• _What you will do_
Go to the line holding "Inspired on the" in the data below and repeat it exactly, then each line after it up to and including the one holding "Tipp! Du kannst". Omit pictures.

• _Exercise data_
========
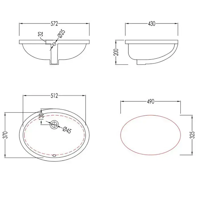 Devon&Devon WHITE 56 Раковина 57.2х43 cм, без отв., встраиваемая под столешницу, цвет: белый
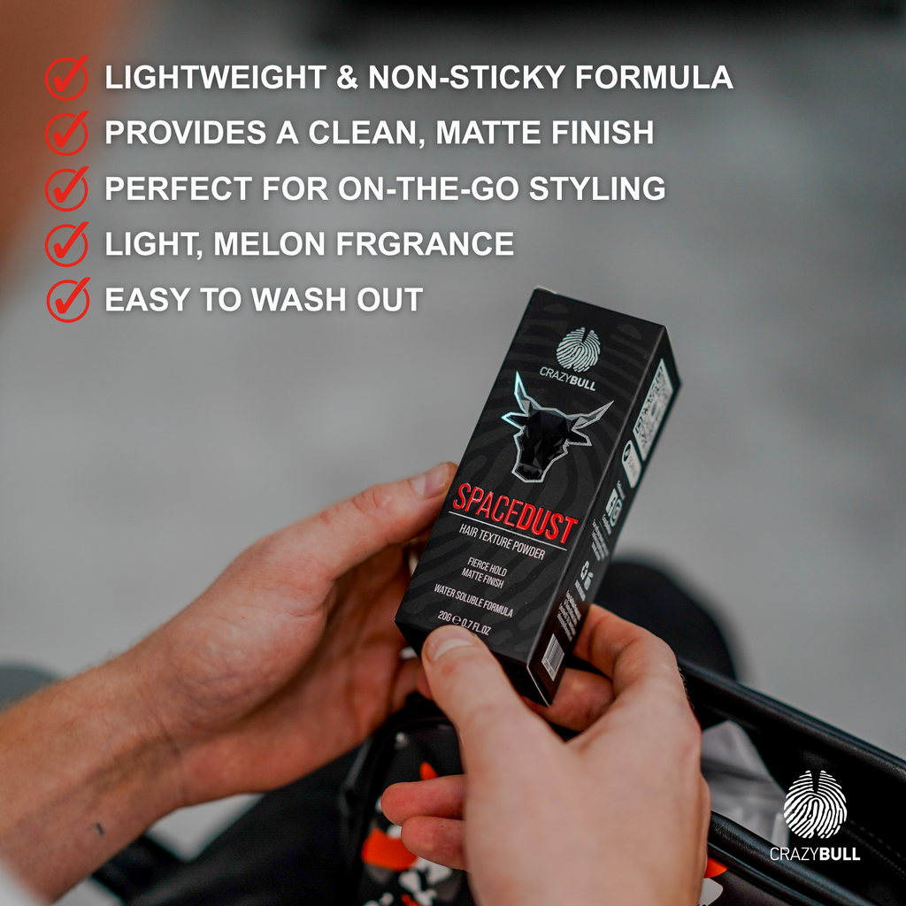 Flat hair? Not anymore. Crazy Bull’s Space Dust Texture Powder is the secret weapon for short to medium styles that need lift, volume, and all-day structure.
========
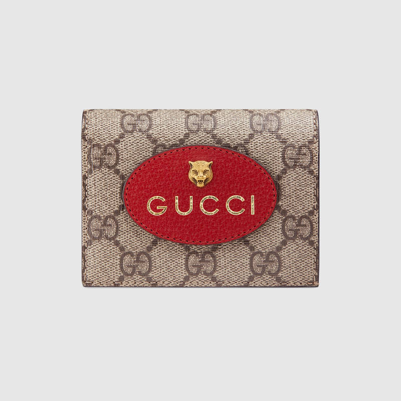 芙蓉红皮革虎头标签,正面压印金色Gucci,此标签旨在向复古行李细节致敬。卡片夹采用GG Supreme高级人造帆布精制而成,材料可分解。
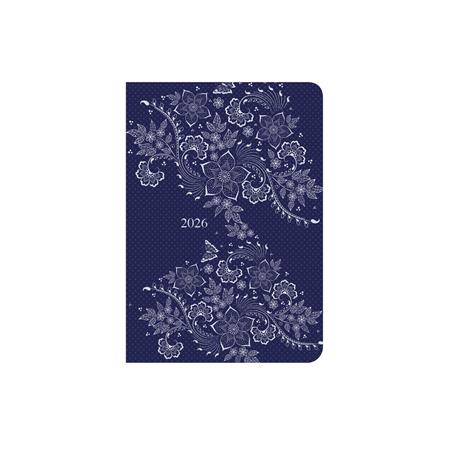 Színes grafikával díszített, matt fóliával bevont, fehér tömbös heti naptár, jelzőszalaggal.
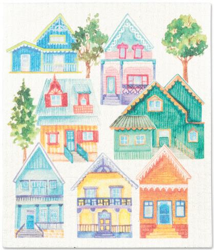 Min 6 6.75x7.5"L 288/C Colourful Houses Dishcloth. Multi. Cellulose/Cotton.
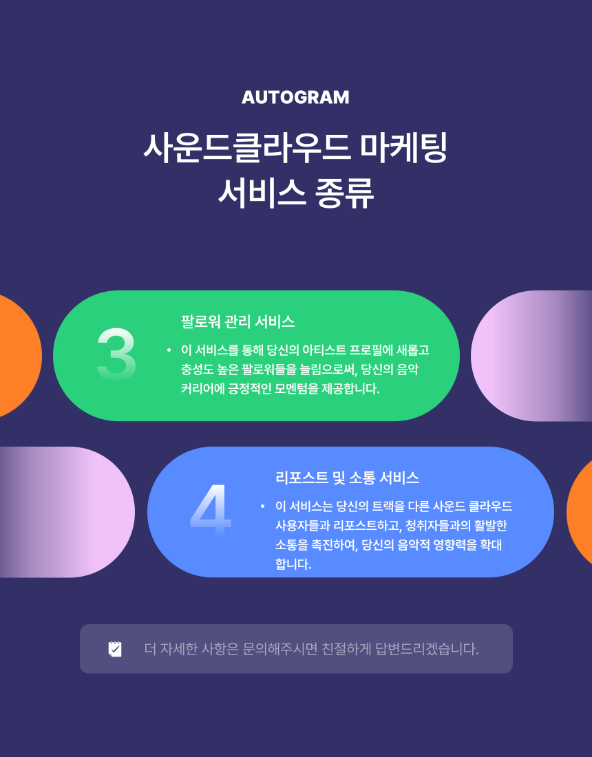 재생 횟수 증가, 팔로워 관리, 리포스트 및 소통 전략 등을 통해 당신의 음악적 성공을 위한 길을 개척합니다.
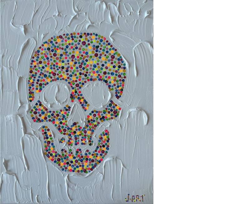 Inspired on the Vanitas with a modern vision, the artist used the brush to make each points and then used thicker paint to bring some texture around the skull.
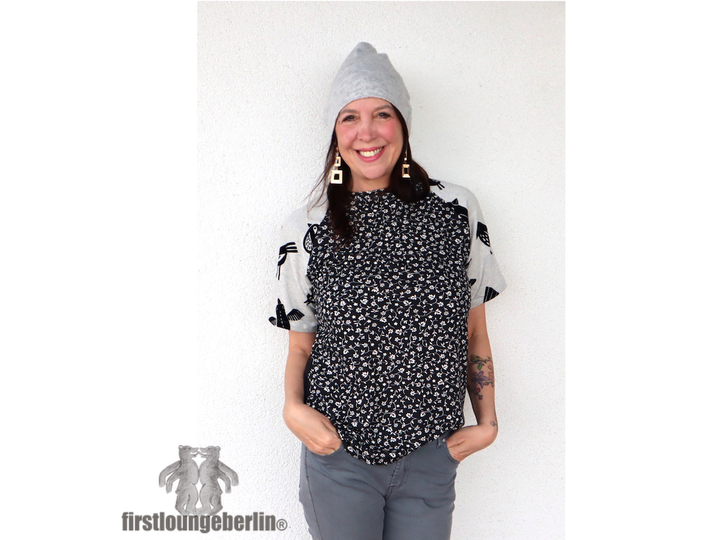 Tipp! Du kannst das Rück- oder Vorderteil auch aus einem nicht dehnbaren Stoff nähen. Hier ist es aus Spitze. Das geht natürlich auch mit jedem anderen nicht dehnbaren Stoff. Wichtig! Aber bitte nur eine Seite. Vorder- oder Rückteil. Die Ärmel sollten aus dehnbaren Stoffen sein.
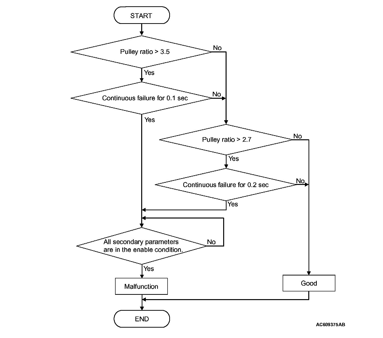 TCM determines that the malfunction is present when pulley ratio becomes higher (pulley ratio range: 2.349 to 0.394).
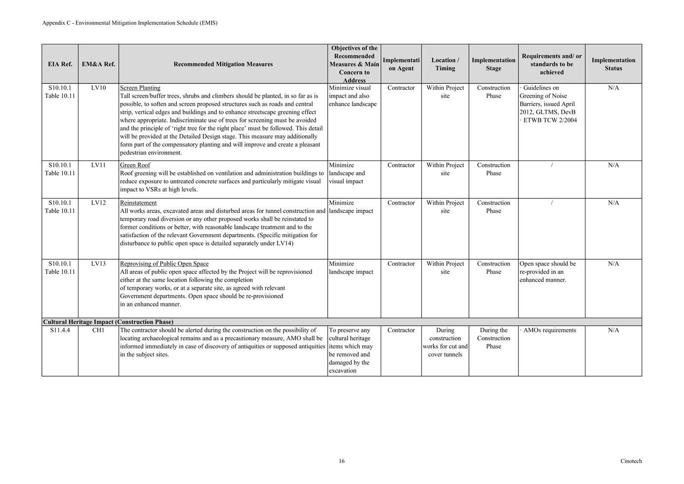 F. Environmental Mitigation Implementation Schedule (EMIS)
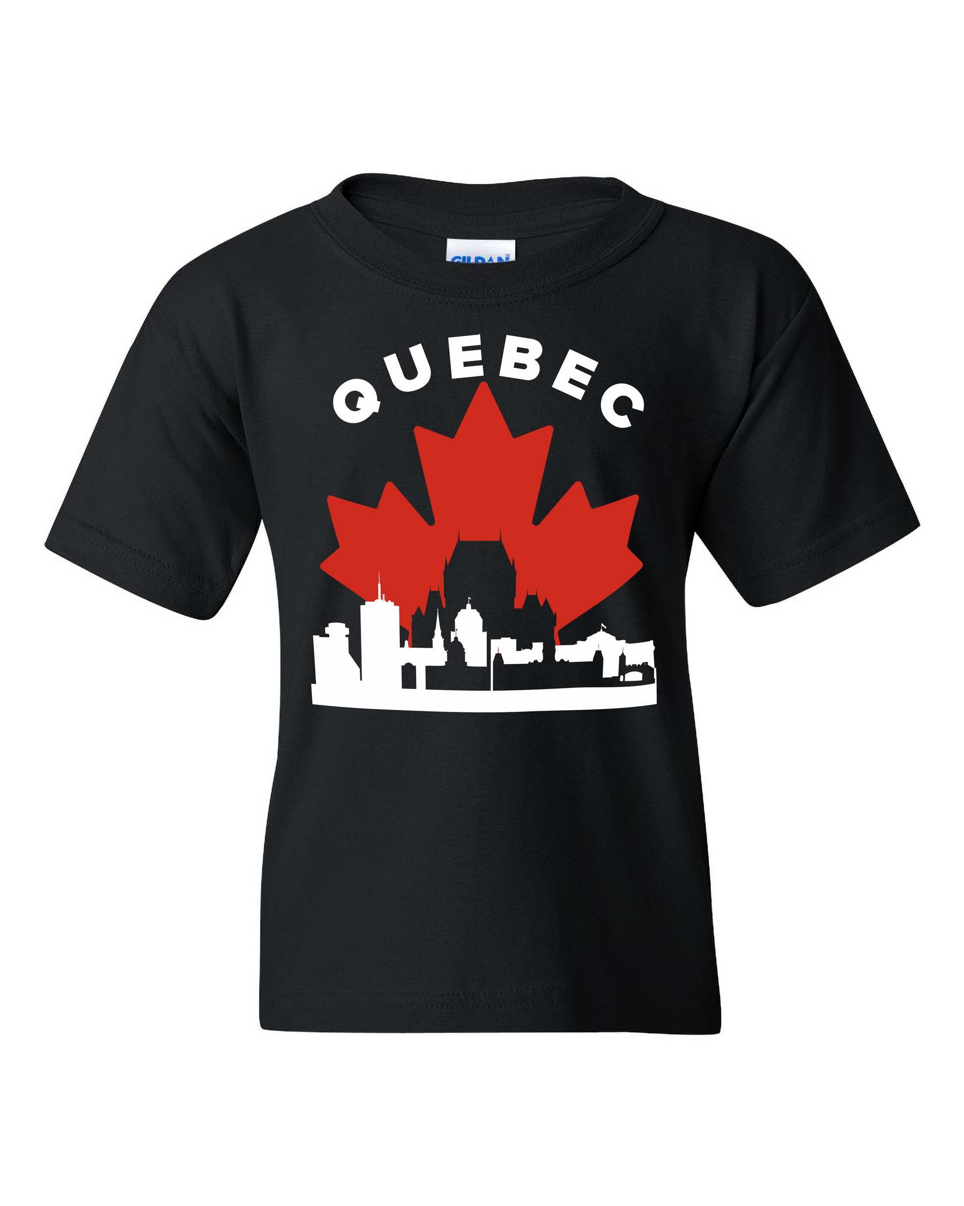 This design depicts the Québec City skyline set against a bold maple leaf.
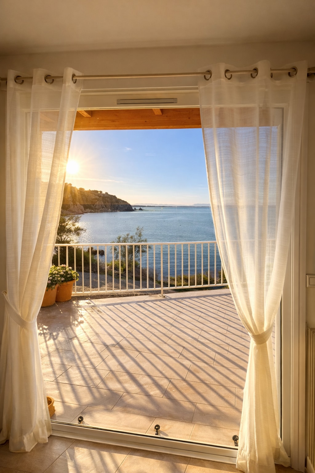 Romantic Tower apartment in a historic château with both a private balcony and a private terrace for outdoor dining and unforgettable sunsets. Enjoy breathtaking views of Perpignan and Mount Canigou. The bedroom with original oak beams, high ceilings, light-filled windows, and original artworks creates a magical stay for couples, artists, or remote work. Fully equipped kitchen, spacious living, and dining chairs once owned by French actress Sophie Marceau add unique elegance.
========
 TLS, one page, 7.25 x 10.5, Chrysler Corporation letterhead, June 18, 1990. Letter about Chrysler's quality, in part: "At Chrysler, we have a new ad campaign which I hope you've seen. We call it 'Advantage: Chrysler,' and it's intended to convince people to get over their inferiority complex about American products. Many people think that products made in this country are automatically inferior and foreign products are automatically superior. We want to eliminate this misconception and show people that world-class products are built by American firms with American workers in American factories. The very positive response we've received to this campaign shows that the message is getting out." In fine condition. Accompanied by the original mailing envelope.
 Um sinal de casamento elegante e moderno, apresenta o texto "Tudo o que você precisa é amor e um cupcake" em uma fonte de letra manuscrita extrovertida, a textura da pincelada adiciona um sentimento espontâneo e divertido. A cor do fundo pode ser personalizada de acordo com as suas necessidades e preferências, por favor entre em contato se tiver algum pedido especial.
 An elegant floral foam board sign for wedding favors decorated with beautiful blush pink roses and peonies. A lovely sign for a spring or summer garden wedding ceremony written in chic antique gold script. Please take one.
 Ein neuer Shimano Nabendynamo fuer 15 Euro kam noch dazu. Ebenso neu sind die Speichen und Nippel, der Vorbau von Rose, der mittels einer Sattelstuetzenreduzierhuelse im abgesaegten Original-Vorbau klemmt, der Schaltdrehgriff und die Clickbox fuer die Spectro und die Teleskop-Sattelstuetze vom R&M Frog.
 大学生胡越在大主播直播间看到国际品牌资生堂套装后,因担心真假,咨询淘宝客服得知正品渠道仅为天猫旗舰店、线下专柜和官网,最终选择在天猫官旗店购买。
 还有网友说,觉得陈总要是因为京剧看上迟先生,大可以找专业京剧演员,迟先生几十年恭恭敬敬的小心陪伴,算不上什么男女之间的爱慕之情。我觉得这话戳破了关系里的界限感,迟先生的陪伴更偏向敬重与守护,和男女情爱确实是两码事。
========
• _Answer section_
 Inspired on the Vanitas with a modern vision, the artist used the brush to make each points and then used thicker paint to bring some texture around the skull.
 Tipp! Du kannst das Rück- oder Vorderteil auch aus einem nicht dehnbaren Stoff nähen. Hier ist es aus Spitze. Das geht natürlich auch mit jedem anderen nicht dehnbaren Stoff. Wichtig! Aber bitte nur eine Seite. Vorder- oder Rückteil. Die Ärmel sollten aus dehnbaren Stoffen sein.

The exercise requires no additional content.